With the success of this first phase in 2005, Quintiles and Solvay recently agreed to a second phase. Checking its pipeline, Solvay found a bottleneck in Phase II. The partnership agreed that Quintiles would provide $25 million for Phase II, bear half of the costs, and receive a milestone payment from Solvay for each of the compounds reaching proof-of-principle. The new agreement could triple the capacity to process Solvay's early clinical projects: Before the alliance, approximately one Phase II completion was planned per year; that is expected to jump to three Phase IIIs per year.

"The whole idea was revolutionary—but the process was evolutionary," says de Witt of this novel partnering agreement involving shared risk and rewards.

In many industries, alliances have been formed that benefit not only the partners involved but the industry as a whole. For example, the Motion Picture Association of America (MPAA) was formed by competing movie studios to meet the common challenges of censorship and copyright. Today, the MPAA ratings systems are universally recognized. The life-sciences industry is beginning to develop alliances that address important issues, such as global health—unlike PhRMA, which focuses on political lobbying.

Take the Global Alliance for TB Drug Development (TB Alliance), which was formed in 2000 to work with governments, foundations, universities, and nonprofits. While governed by a board of directors, the alliance gets feedback from a stakeholder association of more than 35 groups, including the Gates and Rockefeller foundations and other funders. Among its many partnerships are joint programs with pharma to develop TB drugs, such as the licensing deal with Chiron for PA-824, which had been put on the shelf after an acquisition of Pathogenesis. The product is now completing Phase I. An alliance with GlaxoSmithKline (GSK) includes a joint research program around four projects designed to shorten the treatment time for patients with TB and develop novel therapies for drug-resistant strains.
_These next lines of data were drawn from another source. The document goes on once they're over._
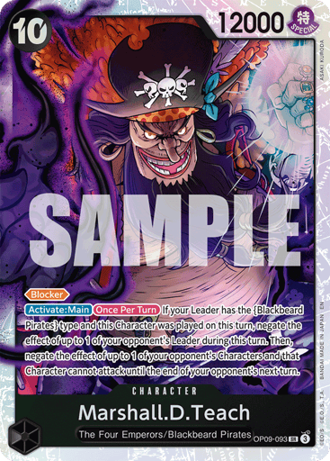 [Blocker] [Activate: Main] [Once Per Turn] If your Leader has the {Blackbeard Pirates} type and this Character was played on this turn, negate the effect of up to 1 of your opponent's Leader during this turn. Then, negate the effect of up to 1 of your opponent's Characters and that Character cannot attack until the end of your opponent's next turn.
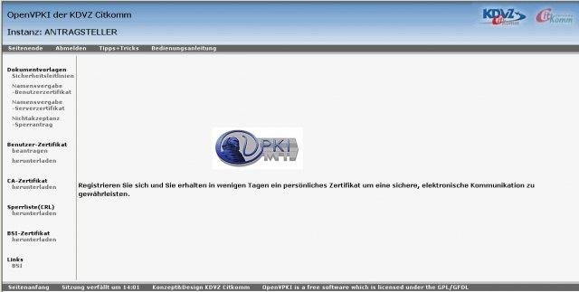 Realisierung einer VerwaltungsPKI(V-PKI) mit OpenSource(openCA,openSSL,openLDAP) unter der ROOT CA des BSI. Bereitstellen der notwendigen Benutzeroberflaeche und Dokumente: CP,CPS, Dienstanweisung,Mustervertrag,Benutzeranweisungen,DB-Beschreibung
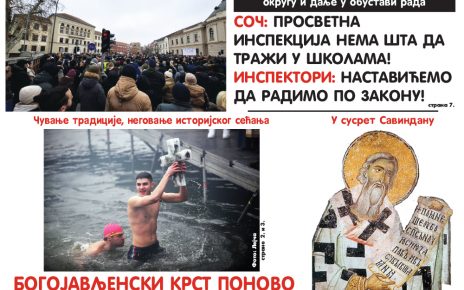 АКТУЕЛНО: Већина школа у Моравичком округу и даље у обустави рада – СОЧ: ПРОСВЕТНА ИНСПЕКЦИЈА НЕМА ШТА ДА ТРАЖИ У ШКОЛАМА! ИНСПЕКТОРИ: НАСТАВИЋЕМО ДА РАДИМО ПО ЗАКОНУ! Чување традиције, неговање историјског сећања – БОГОЈАВЉЕНСКИ КРСТ У РУКАМА ЈОВАНА КЕЦОВИЋА У сусрет Савиндану – СВЕТИ САВА – ЖИВОТ ПО ЈЕВАНЂЕЉУ Чачанин БОЈАН ЋИРОВИЋ, учесник кулинарске емисије […]
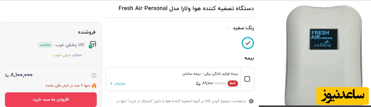 بررسی پلتفرمهای خرید و فروش آنلاین نشان میدهد که ارزانترین دستگاه تصفیه هوا 820 هزار تومان قیمت دارد. این دستگاه توانایی حذف ریزگرد 1 و 2/5 میکرون و غبار شناور و گاز مونوکسید کربن و آمونیاک را دارد و قابلیت تنظیم، خاموش و روشن کردن را ندارد.
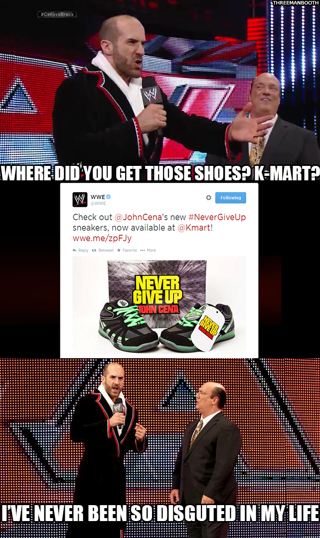 Cesaro mocks John Cena’s sneakers and asks if he got them at KMart, then tells Cena that you can’t wrestle in sneakers. Cesaro changes his mind and says Cena can’t wrestle period. Cesaro wants to prove that Cena can’t wrestle in a match right now.
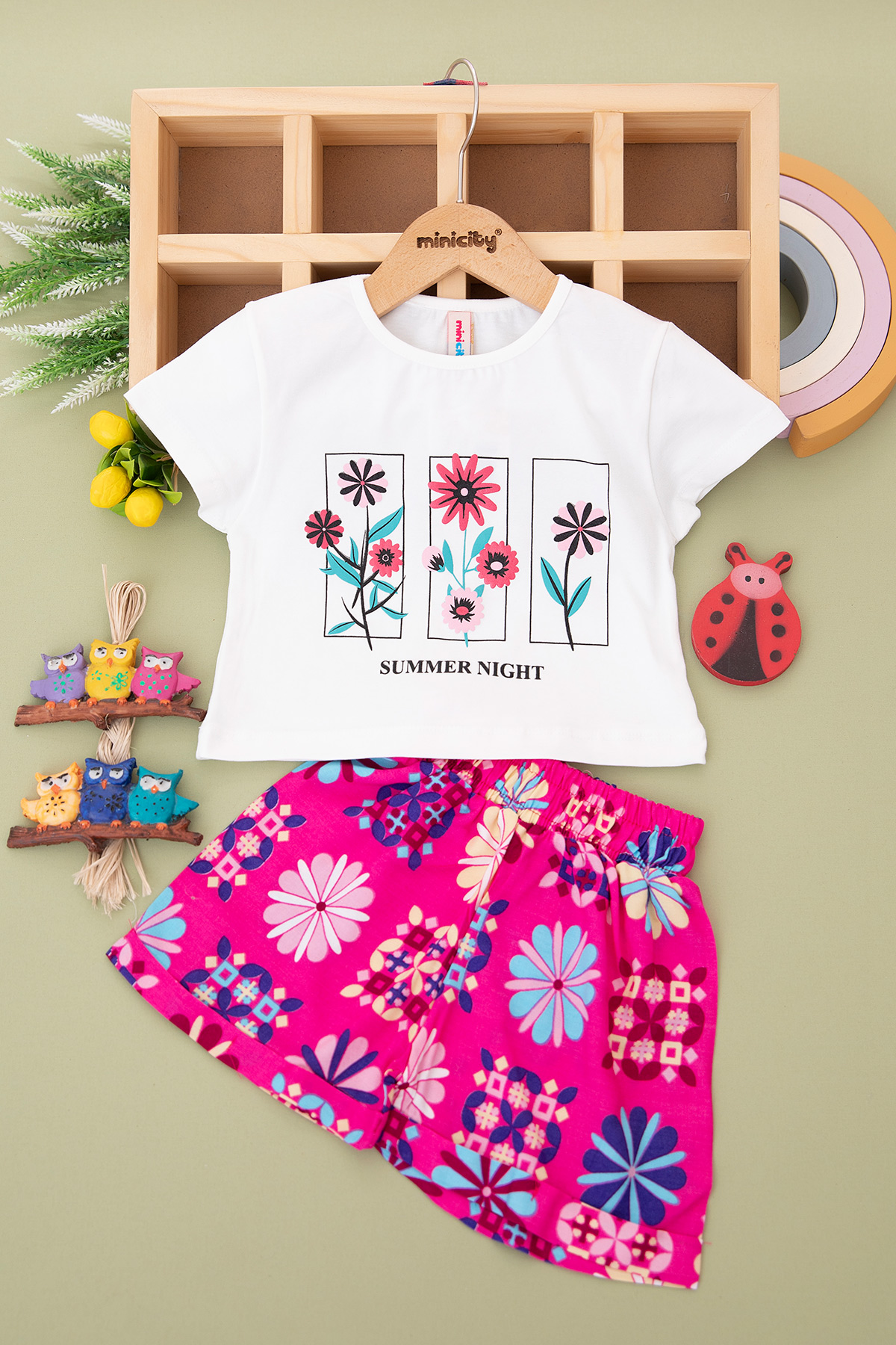 Kız Çocuk Summer Night Baskılı Şortlu Takım - 3006 (2-5 Yaş)

The alliance is a win-win. In the Chiron case, the product was moved into human trials at a much faster pace than typically would have been possible. In addition, the TB Alliance obtained exclusive worldwide rights to PA-824 for TB, and Chiron committed to making the TB technology available royalty-free in endemic countries. As for the GSK deal, the alliance helps support 25 full-time scientists dedicated exclusively to the TB drug program, while GSK offers a matching number of staff and its drug-discovery expertise.

The Partnership for Quality Medical Donations (PQMD) is an alliance between pharma and nonprofits for the development and delivery of medical products to the underserved and to disaster victims worldwide. The organization had its genesis in the early 1990s during the Bosnian War, when reports surfaced of donations by pharmaceutical companies of expired medicines and other unneeded drugs, delivered unannounced and inadequately packaged or labeled. According to James Russo, former head of PQMD, the donations became "instead of a helpful event, a toxic one." Prompted by industry concern, the group was formed as an alliance among pharma firms and on-the-ground nonprofits. It now provides billions of dollars of products and services to areas in need.
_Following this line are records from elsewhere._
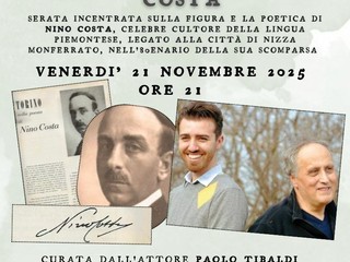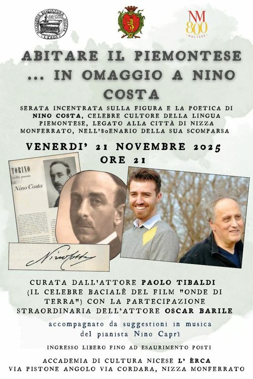 Si partirà venerdì 21 novembre, con la seconda serata di “Abitare il piemontese”, l’evento organizzato dall’Accademia di cultura nicese “L’Erca”, che si terrà alle 21 all’Auditorium Trinità. La serata sarà dedicata a Nino Costa, considerato il più grande poeta piemontese e cultore di questa lingua, fortemente legato a Nizza Monferrato, città d’origine della moglie.
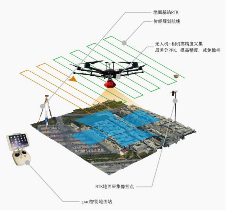 無人機傾斜攝影是近年來新興技術發展的典型代表,傾斜攝影可以全面的展現地表地貌的地理信息,通過無人機搭載GPS、高清相機,按照約定的軌跡對地物目標區域進行快速、全方位的的影像數據采集,利用智能化的數據處理軟件快速進行影像拼接、空三加密、最終構建目標區域的數 字正射影像圖和三維立體模型等。無人機傾斜攝影在地質災害調查、國土空間規劃、公安消防等領域有著很好的應用效果。
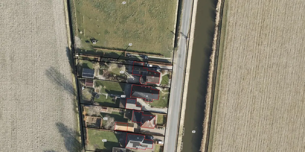 Het adres ligt op het perceel KTS00-I-315, dat zich in de kadastrale gemeente Kantens bevindt. De gemiddelde perceelgrootte in Kantens is 2,0 ha. Dit perceel is kleiner: de perceeloppervlakte bedraagt 749 m². Het kleinste perceel in de kadastrale gemeente is 1 m² groot. De grootste perceeloppervlakte is 51,6 ha. Dit is het enige adres dat aanwezig is op het perceel. De laatste wijziging in het de Basisregistratie Kadaster (BRK) was op 14-11-1997.
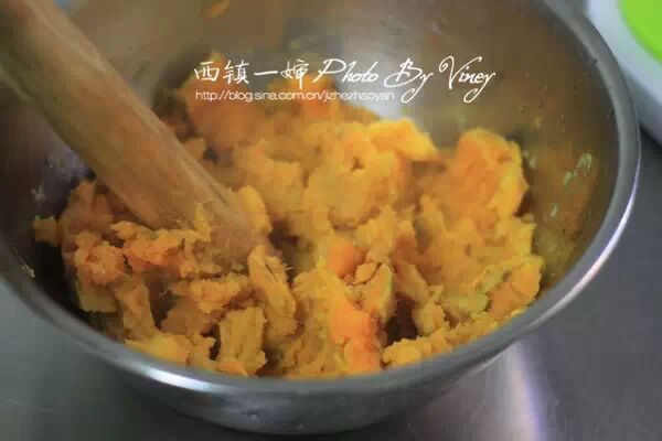 2、用擀面杖的一段趁热将地瓜压成泥。

Of the three principles, this one perhaps represents the biggest stretch on the part of competitive pharmaceutical companies. Given that many corporations are still learning how to partner with one another as well as with governments, nonprofits, and public-policy groups, it may take time before these alliances become commonplace. Yet this principle, too, will increasingly underlie innovative partnerships as pharmaceutical companies push alliances into new territory.